Finland and FAO engaged to develop open source land registration software

Photo: ©FAO/Giampiero Diana
Rice fields in Nepal: new land administration systems will help to ensure tenure security.

5 February 2010, Rome - Finland and FAO have agreed to assist countries to develop sustainable and affordable land administration systems to improve tenure security and land governance in both rural and urban areas.

The $2.4 million project will help FAO member countries to test and adopt low-cost open source technology for the benefit of their land records maintenance. The project will be piloted in Ghana, Nepal and Samoa.

Effective land administration to improve security of tenure

"Effective and transparent land administration plays an important role in ensuring the security of tenure of rural and urban populations,'' said Alexander Müller, FAO Assistant Director-General.

"The project responds to a real demand in a context where land administrations commonly lack tailored and flexible software tools necessary to effectively maintain and develop the cadastre and land registration processes," he noted.

The project will promote affordable software systems that enable quick improvements in transparency and equity of governance. The introduction of information technology systems to land registration is one of the key ways to reduce corrupt and non-transparent land management practices. Moreover, effective IT systems improve the structure and accessibility of records, facilitating knowledge-based decision making and wider data dissemination.

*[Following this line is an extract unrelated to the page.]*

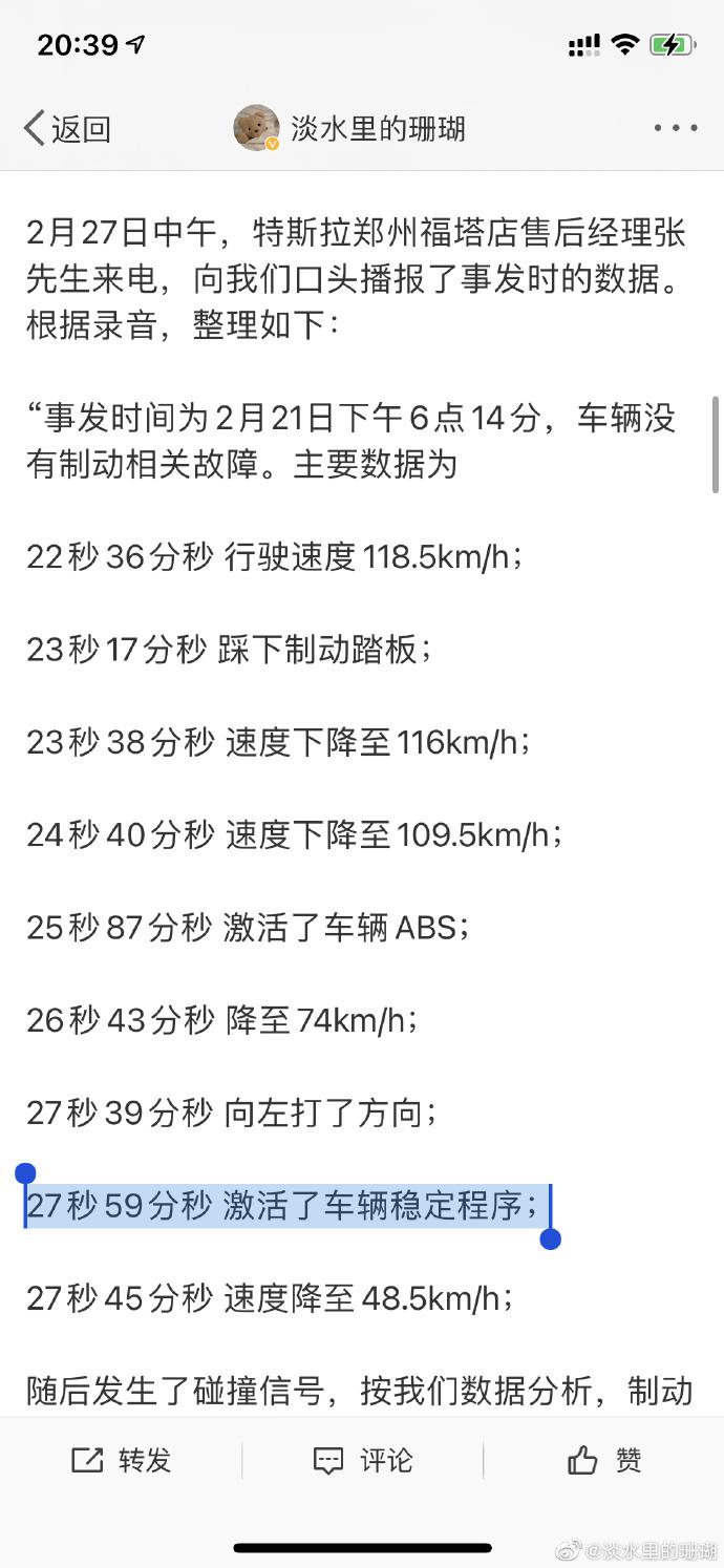 随后特斯拉在官方微博发文表示,4月25日上午11时02分,特斯拉已经与张女士家属取得联系,并进行了电话沟通。特斯拉表达了进一步沟通的意愿和诚意。张女士家属表示,张女士需要休息两天,之后再联系。特斯拉十分感谢张女士家属的回应。

Open source software is increasingly seen as an alternative to proprietary software products, primarily due to its reduced costs, accessibility and high adaptability. The Open Source Cadastre and Registration (OSCAR) project is the first serious initiative applying open source solutions in developing countries.

"Effective and transparent land administration is a vital element for food security, poverty reduction and sustainable use of natural resources and is becoming increasingly important in many parts of the developing world," said Paavo Väyrynen, Finnish Minister for Foreign Trade and Development.

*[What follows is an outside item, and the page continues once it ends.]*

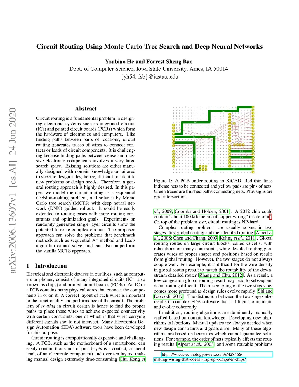 Circuit Routing Using Monte Carlo Tree Search and Deep Neural Networks

"Since it is often women who suffer from weaker land rights, gender issues must be carefully considered throughout this project. This new FAO programme clearly reflects the priorities of our development cooperation policy, which includes the promotion of high technology solutions in development activities. We look forward to seeing the results."

"Finland has increased the number of partnerships with FAO in recent years and has been an active partner in the field of land administration in a number of developing countries including Tanzania/Zanzibar, Cambodia, Palestine, Ethiopia and others," Väyrynen added.

Experiences shared with other FAO member countries

The project will develop fully functional software solutions for selected modules of land administration adapted to local contexts. In addition, institutional structures will be strengthened to maintain the software.

The final result, a fully functional OSCAR shell with an active online user community, will lower the barriers for the use of information technology by developing countries in order to improve land registration systems and to enhance tenure security.

The experiences of Ghana, Nepal and Samoa will be widely disseminated to encourage other FAO member countries to consider the advantages of open software solutions in the development of their land administration.